▶

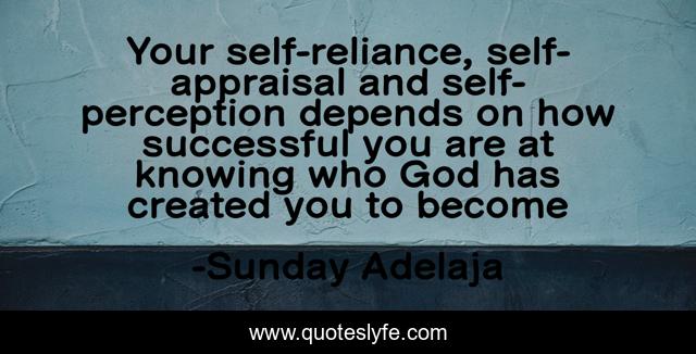 This page presents the quote "Your self-reliance, self-appraisal and self- perception depends on how successful you are at knowing who God has created you to become". Author of this quote is Sunday Adelaja. This quote is about god, self-appraisal, self-reliance, success, self-perception,.
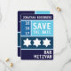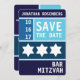 Fet färg. En ren, enkel design. Stor typ. David stjärna... visas tydligt i rad. Pub Mitzvah, som är ett modernt och unikt datum, sparar datuminbjudan med en kompletterande palett med varje avsnitt som definieras av en unik bakgrund färg. All tryckt information kan anpassas till din sons namn och händelsemedagen.. Fyll bara i fält!
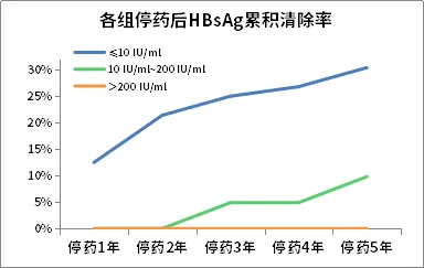 01停药时HBsAg水平越低5年内HBsAg清除几率越高
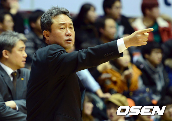 20일 오후 부산 실내체육관에서 열린 'KB 국민카드 2012-2013 프로농구' KT 소닉붐과 삼성 썬더스와의 3라운드 경기, 3쿼터 KT 전창진 감독이 경기를 지켜보며 작전을 지시하고 있다.
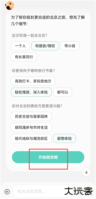 3、在点点进行思考后,会问你旅行的细节,根据自己等情况回答即可,然后点击【开始做攻略】。
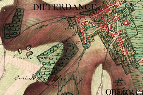 Carrières Gruvenbusch près de Differdange - 1777 (Carte de Ferraris - Bibliothèque royale de Belgique - 2010)
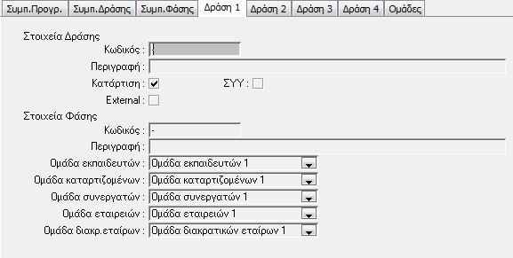 Στις σελίδες «Δράση 1 (έως 4)» καταχωρούνται τα στοιχεία για την αυτόματη δημιουργία έως 4 δράσεων με μία φάση η κάθε μία, οι οποίες θα δημιουργούνται αυτόματα κατά την καταχώρηση νέου προγράμματος και θα συνδέονται με αυτό.
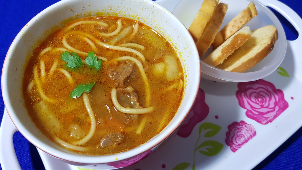 Sopa tradicional de feijão com torradas por R$ 10 no Big Pastellito
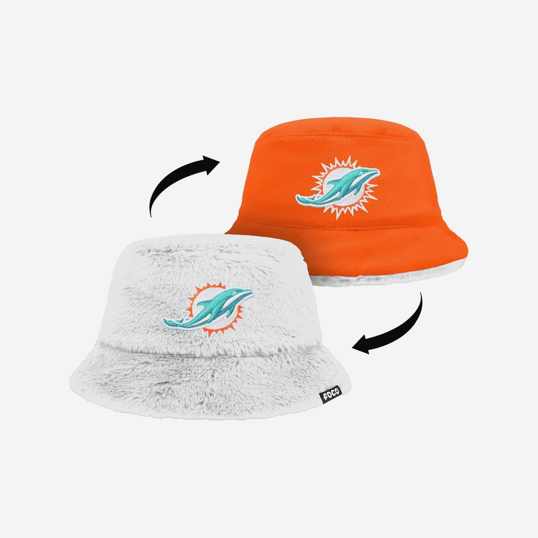 Two looks. One legend. Flip the script with the Miami Dolphins Reversible Faux Fur Bucket Hat. Rock the ultra-soft faux fur side when you want cozy vibes that turn heads, then reverse it to the fleece side for a chill look that still shouts team pride. Both sides feature embroidered logos and team colors, so your loyalty is loud no matter how you wear it.
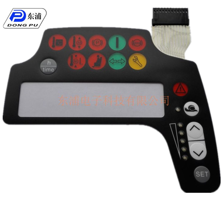 ∧ ∨ 常規汽車薄膜開關 東莞東浦薄膜開關是集按鍵功能、指示元件、儀器面板為一體的一個人機界面。主要是由面板、上線電路、隔離層、下電路四部分組成。按下薄膜開關,上電路的觸點向下變形,與下電路的極板接觸導通,手指松開后,上電路觸點反彈回來,電路斷開,回路觸發一個信號。薄膜開關結構嚴謹,外形美觀,密封性好。具有防潮濕,使用壽命長等特點。廣泛應用于電子通訊、電子測量的儀器,工業控制,醫療設備,汽車工業,智能玩具,家用電器等領域
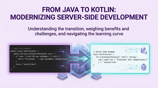 This presentation provides a comprehensive guide for migrating server-side applications from Java to Kotlin. It highlights Kotlin's key advantages, such as null safety, concise syntax, and efficient concurrency with coroutines, while emphasizing its 100% interoperability with Java. The slides offer a balanced comparison of benefits and drawbacks, along with a practical adoption roadmap tailored for both junior and senior developers to ensure a smooth and strategic transition.
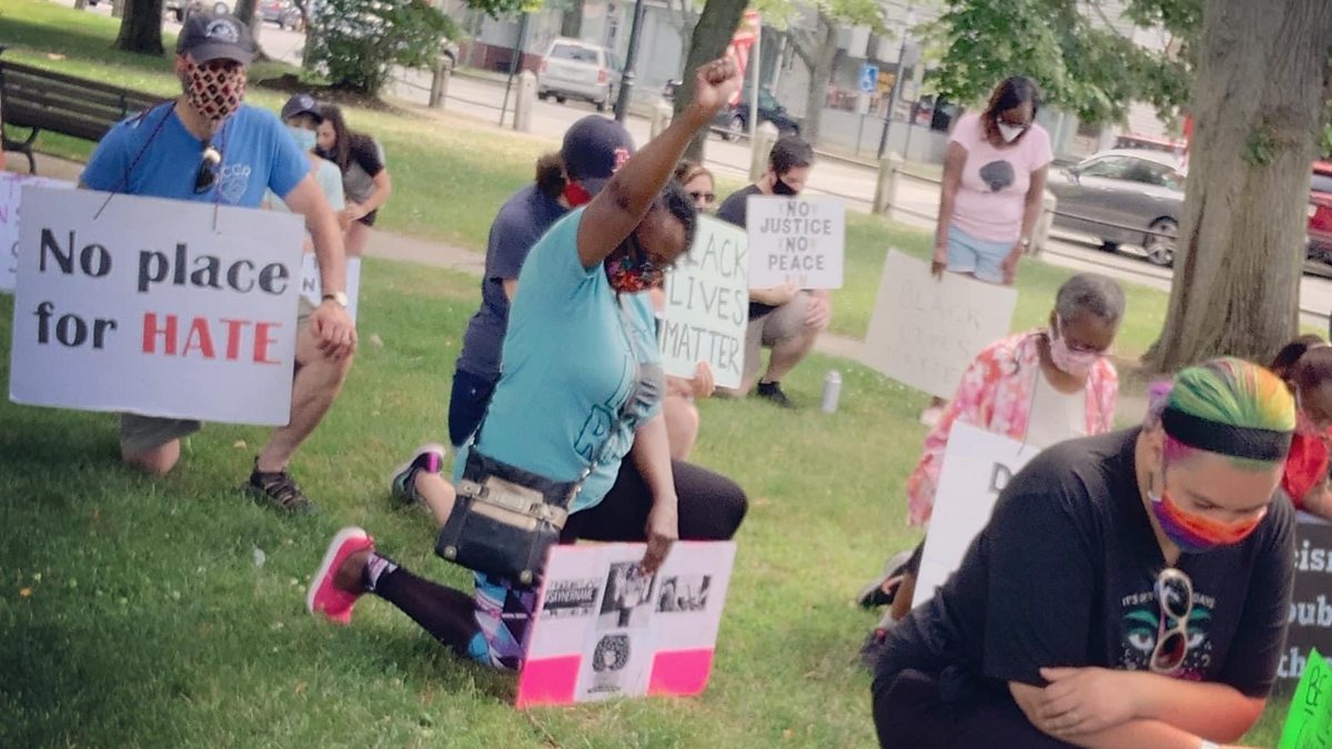 (Photo: protesters in Bridgewater, Massachusetts, take the knee. Credit: Melvyn Purefied)
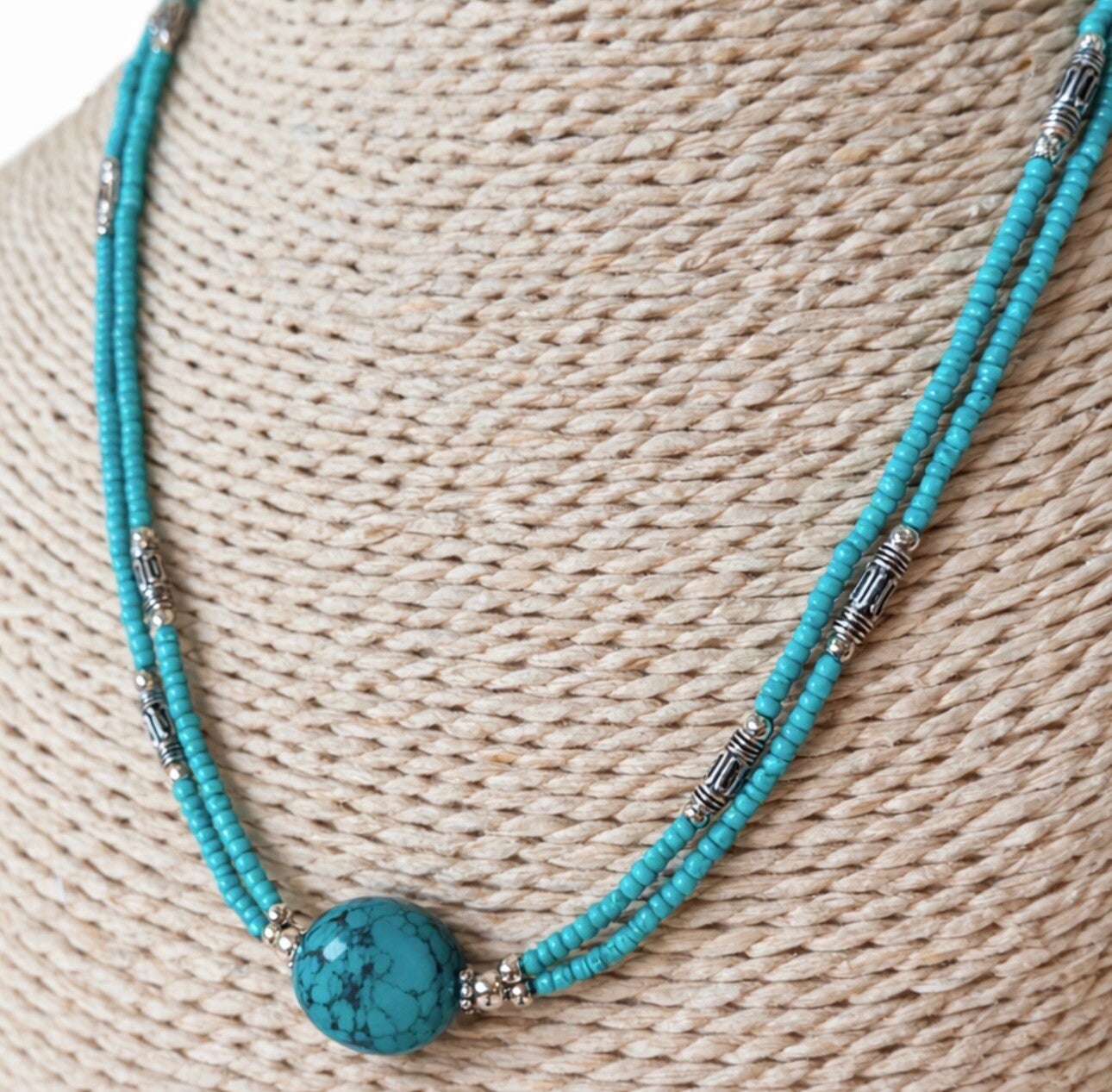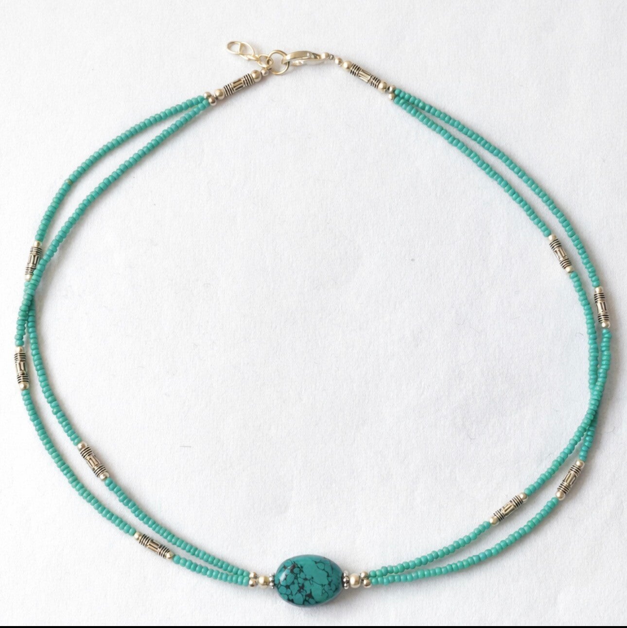 Collar Nepalés de Gemas Extra Finas de Dos Líneas - Colgante Turquesa y Lapislázuli
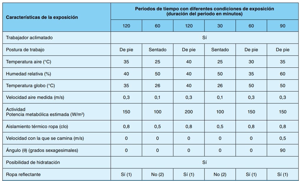 (2) UNE-EN ISO 7933:2005. Ergonomía del ambiente térmico. Determinación analítica e interpretación del estrés térmico mediante el cálculo de la sobrecarga térmica estimada.
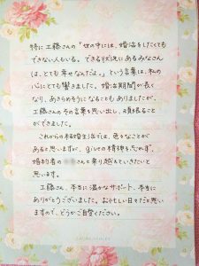 婚活期間が長くなり、あきらめそうになることもありましたが、工藤さんのその言葉を思い出し、頑張ることができました。
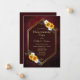 Um convite de festa de aquecimento com flores rústicas de borgonha com girassóis e rosas de cottage, apresentando o texto dentro de uma moldura geométrica dourada com um fundo de pedra rica em borgonha.

◀

▶ WHAT IS NEEDED: Exactly the lines from the one with "(Photo: protesters in" through the end of the entries above must be written out, and no pictures may be included.

▶ ANSWER SPACE:
 (Photo: protesters in Bridgewater, Massachusetts, take the knee. Credit: Melvyn Purefied)
 Collar Nepalés de Gemas Extra Finas de Dos Líneas - Colgante Turquesa y Lapislázuli
 (2) UNE-EN ISO 7933:2005. Ergonomía del ambiente térmico. Determinación analítica e interpretación del estrés térmico mediante el cálculo de la sobrecarga térmica estimada.
 婚活期間が長くなり、あきらめそうになることもありましたが、工藤さんのその言葉を思い出し、頑張ることができました。
 Um convite de festa de aquecimento com flores rústicas de borgonha com girassóis e rosas de cottage, apresentando o texto dentro de uma moldura geométrica dourada com um fundo de pedra rica em borgonha.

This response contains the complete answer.